Citrus does not require cross pollination, some years the bees help, most years they don't. Thier are a lot of crops grown that need pollination, mostly in south Fl. Theres a lot of copetition of the contracts so not as easy to depend on. I agree theres more money in the honey crop....at least for now.


----------



## Trevor Mansell (Jan 16, 2005)

Dale Hodges said:


> Citrus does not require cross pollination, some years the bees help, most years they don't. Thier are a lot of crops grown that need pollination, mostly in south Fl. Theres a lot of copetition of the contracts so not as easy to depend on. I agree theres more money in the honey crop....at least for now.


Most juice fruit dosen't require pollination but some fresh fruit does. Ive been paid to put them in Tangerines , but the bees do better in valencia. 

The spring pollination is easy to come by , its the fall thats hard to get.


----------



## Dale Hodges (Jul 13, 2007)

I was generalizing, maybe I shouldn't. Yes , there are some citrus that need cross pollination. Maybe it more about location, but I've always done best in the navel groves. Maybe its the company I keep, but I've been under cut a few times....at the last minute....kinda soured me on pollination.


----------



## florida pollinator (Jul 31, 2006)

Round oranges(i.e.juice fruit) are self pollinating,but do produce higher pound solids ,or juice produced when pollinated,but not enough to be able to get growers to pay for.That's why they want or allow bees in .
As for veggie contracts ,I don't think it's that easy to find ,unless your one of the low ballers that under charges the rest of us.
If your charging 50 to 60 dollars or more you'll have a hard time replacing the 40 dollar guy,which there still is out here,which by it's self doesn't say much for the business sense of some beekeepers here and abroad.


----------



## Trevor Mansell (Jan 16, 2005)

florida pollinator said:


> Round oranges(i.e.juice fruit) are self pollinating,but do produce higher pound solids ,or juice produced when pollinated,but not enough to be able to get growers to pay for.That's why they want or allow bees in .
> As for veggie contracts ,I don't think it's that easy to find ,unless your one of the low ballers that under charges the rest of us.
> If your charging 50 to 60 dollars or more you'll have a hard time replacing the 40 dollar guy,which there still is out here,which by it's self doesn't say much for the business sense of some beekeepers here and abroad.

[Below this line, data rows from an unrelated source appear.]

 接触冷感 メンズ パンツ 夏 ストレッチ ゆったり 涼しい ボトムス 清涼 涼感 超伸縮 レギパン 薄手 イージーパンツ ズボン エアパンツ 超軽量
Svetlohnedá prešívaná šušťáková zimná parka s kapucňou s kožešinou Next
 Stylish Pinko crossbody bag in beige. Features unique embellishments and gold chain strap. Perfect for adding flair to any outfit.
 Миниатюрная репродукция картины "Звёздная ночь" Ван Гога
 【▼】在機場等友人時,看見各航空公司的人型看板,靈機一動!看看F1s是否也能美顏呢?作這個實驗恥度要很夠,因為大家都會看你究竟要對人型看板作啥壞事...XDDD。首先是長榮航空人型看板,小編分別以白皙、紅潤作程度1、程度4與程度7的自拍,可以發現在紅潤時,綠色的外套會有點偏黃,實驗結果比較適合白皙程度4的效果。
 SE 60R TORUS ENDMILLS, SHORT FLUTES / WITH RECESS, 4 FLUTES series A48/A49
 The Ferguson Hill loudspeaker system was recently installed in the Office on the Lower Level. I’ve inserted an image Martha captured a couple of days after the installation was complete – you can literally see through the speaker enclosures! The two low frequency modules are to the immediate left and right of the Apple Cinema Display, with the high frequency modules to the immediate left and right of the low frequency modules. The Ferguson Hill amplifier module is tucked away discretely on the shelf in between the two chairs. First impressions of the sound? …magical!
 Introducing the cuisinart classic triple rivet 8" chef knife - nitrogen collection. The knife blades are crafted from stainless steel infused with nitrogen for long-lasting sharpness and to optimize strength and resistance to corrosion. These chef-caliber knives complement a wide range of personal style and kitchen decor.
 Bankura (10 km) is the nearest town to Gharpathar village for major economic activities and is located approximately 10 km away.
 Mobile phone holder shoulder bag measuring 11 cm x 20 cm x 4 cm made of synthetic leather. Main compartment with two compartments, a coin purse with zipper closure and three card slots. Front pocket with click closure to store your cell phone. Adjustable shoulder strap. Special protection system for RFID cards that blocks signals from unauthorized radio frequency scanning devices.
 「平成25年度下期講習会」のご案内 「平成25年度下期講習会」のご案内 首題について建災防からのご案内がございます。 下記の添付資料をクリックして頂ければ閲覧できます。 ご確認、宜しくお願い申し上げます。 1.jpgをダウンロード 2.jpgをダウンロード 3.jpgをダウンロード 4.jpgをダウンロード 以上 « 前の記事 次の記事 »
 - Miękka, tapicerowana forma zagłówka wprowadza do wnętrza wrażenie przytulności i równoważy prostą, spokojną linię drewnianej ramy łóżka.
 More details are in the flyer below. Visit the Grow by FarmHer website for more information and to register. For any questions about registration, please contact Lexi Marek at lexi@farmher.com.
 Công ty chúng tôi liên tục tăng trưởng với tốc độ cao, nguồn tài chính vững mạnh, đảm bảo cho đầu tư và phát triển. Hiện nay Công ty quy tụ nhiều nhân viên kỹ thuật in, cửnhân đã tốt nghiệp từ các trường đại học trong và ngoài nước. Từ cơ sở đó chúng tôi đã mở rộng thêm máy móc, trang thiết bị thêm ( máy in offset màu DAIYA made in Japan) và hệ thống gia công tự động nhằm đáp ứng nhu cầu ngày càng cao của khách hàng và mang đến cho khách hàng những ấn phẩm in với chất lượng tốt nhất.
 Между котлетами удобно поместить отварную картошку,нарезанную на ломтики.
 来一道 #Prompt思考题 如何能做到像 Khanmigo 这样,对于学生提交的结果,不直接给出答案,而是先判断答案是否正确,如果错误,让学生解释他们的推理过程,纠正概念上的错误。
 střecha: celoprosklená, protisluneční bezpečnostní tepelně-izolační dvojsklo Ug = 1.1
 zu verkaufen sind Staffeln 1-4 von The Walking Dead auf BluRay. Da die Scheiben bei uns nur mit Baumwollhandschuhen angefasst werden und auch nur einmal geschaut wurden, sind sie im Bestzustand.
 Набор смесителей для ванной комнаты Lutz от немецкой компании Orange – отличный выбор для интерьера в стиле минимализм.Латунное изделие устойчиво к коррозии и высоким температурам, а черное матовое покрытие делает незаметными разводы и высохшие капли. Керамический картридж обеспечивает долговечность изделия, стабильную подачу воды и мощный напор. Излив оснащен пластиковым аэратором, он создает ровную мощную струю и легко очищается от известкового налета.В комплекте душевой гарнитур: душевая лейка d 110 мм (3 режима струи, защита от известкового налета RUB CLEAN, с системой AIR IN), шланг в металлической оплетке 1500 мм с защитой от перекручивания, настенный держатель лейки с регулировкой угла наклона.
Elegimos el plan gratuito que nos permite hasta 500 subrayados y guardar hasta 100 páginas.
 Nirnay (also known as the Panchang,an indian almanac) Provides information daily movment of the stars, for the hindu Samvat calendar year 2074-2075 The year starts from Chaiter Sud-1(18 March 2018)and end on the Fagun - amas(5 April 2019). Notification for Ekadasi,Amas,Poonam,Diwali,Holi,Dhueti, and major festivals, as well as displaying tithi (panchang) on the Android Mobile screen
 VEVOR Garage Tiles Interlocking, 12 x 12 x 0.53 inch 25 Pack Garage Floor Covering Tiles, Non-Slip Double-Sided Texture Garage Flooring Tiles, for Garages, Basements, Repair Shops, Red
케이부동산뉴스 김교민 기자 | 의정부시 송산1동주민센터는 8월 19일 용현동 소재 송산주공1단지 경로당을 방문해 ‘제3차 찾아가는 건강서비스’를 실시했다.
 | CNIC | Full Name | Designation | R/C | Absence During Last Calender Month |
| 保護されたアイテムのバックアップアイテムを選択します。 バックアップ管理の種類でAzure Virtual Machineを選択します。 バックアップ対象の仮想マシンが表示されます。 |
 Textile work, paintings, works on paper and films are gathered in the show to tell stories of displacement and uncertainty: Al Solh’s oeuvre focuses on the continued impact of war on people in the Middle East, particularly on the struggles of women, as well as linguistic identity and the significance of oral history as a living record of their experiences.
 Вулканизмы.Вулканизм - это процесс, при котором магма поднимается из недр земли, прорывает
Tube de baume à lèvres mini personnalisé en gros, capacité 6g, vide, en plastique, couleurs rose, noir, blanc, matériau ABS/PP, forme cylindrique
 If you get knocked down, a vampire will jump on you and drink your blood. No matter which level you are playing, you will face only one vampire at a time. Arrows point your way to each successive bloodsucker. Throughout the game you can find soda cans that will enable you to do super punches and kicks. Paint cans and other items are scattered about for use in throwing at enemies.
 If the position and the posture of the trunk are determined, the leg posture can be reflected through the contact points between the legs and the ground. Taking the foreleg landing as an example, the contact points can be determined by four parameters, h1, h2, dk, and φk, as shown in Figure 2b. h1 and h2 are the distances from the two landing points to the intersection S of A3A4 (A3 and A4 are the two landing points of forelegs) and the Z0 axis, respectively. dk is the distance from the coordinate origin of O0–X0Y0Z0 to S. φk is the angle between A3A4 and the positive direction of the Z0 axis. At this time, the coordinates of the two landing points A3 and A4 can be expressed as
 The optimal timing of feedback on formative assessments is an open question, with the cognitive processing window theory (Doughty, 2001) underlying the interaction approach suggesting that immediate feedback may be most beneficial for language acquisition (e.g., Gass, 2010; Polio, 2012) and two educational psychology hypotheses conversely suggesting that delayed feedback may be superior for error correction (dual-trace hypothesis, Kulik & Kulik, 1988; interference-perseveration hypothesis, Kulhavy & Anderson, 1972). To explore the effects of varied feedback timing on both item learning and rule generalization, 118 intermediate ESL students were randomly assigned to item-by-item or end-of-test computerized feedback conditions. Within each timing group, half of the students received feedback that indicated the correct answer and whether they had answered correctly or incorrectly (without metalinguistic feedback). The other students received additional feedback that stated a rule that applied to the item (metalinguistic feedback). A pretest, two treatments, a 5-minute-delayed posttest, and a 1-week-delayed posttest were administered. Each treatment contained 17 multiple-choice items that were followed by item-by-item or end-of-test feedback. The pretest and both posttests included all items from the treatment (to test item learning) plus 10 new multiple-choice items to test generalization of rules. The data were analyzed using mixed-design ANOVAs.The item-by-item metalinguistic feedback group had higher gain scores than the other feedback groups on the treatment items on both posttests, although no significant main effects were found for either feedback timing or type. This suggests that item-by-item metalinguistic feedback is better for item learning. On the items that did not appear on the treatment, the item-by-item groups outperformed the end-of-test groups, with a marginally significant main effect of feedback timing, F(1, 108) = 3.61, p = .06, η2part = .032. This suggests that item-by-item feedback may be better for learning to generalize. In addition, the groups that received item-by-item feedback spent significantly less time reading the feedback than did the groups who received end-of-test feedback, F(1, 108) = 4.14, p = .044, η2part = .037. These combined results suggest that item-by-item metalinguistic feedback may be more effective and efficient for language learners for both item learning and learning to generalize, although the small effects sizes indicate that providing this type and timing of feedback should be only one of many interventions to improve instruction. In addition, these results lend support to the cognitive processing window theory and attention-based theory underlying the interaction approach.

 We turn down 50 and 60 dollar pollinations all spring, its just not worth the hassell. Some guys do charge 40 a hive. I dont know between the sand and the drifting its just not worth it.


----------



## sqkcrk (Dec 10, 2005)

RAST said:


> I also read a pollination study (older) that said bees didn't increase prodution on citrus very much at all.


They may not increase production, but a grower told me that he could tell how far away from the hives the bees flew because of a drop off in sugar content(?).


----------



## TwT (Aug 5, 2004)

sqkcrk said:


> They may not increase production, but a grower told me that he could tell how far away from the hives the bees flew because of a drop off in sugar content(?).


you mean the bee's bring up the sugar content in the fruit?


----------